CSDN blog post downloader (JAVA)

Reprinted from: http://blog.csdn.net/noaboutfengyue/article/details/45192897

CSDN blog downloader made by myself with JAVA, providing jar package and source code.

The source code is also open. Anyway, the source code can be obtained by decompiling the jar, and the novice will not encrypt the jar.


Download: http://download.csdn.net/detail/owuguanfengyue123/8619649

The resource csdn is under review... so slow


Considering that it is inconvenient to read blogs during class, I want to download all good blogs and watch them on my mobile phone.

Various Baidu, found several tools.

1.http://blog.csdn.net/gzshun/article/details/7555525

The great god wrote ideas and tutorials, and found problems with his tools:

(1) The download is incomplete, and the test can only download about 21 articles on the first page.

(2) The generated pdf looks ok, some of the code part is beyond the scope of the pdf page, which makes it invisible and inconvenient

2.http://www.cr173.com/soft/48129.html

The general blog export tool written by this great god seems to have changed in the interface, it is invalid, and it cannot be exported.


I'm thinking about writing a program myself.

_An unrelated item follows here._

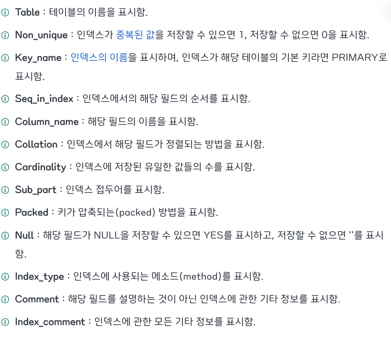 SHOW INDEX FROM '테이블명'

Well, with the idea of ​​http://blog.csdn.net/gzshun/article/category/932960 predecessors.

Expanded a bit, my own thinking:

(1) Change the computer version to the mobile version

Personally, I feel that the mobile version of csdn is simpler and easier to handle. The link is http://m.blog.csdn.net/blog, and the user name after it is the user's blog. Version of the blog link is generally a custom domain name, for example: my computer version of the csdn blog custom domain name is: noaboutfengyue, my user name is: oWuGuanFengYue123, in the computer version http://blog.csdn.net/ add these two You can jump to the blog, but in the mobile version, you can only access http://m.blog.csdn.net/blog/oWuGuanFengYue123 to open the blog.

For the convenience of use, the program can be downloaded only by reading the custom domain name. Therefore, a method is added. The function is to obtain the user name through the domain name. The implementation is very simple. Open http://blog.csdn.net/noaboutfengyue, and the source code is There is oWuGuanFengYue123 username, and it is OK to parse it through regular expressions.

(2) Use ITEXT to produce pdf from html

It has been explained in http://blog.csdn.net/noaboutfengyue/article/details/45174787

(3) Get a list of all articles

After testing, it was found that http://m.blog.csdn.net/blog/oWuGuanFengYue123?page= This page is the number of article pages. When this number is large, it is larger than the number of article pages. Take a limit, 99999, http:/ /m.blog.csdn.net/blog/oWuGuanFengYue123?page=999999, all articles are displayed

(4) Acquisition of article list and analysis of article content

For the page obtained in (3), all article titles and urls are parsed through regular expressions, and then the html source code is obtained through this url. Since IText is used, the format of the html source code is very strict, so preprocessing is required here ( This is a bit imperfect), such as <br> error, must be changed to <br/>, and some, and then directly converted to pdf output.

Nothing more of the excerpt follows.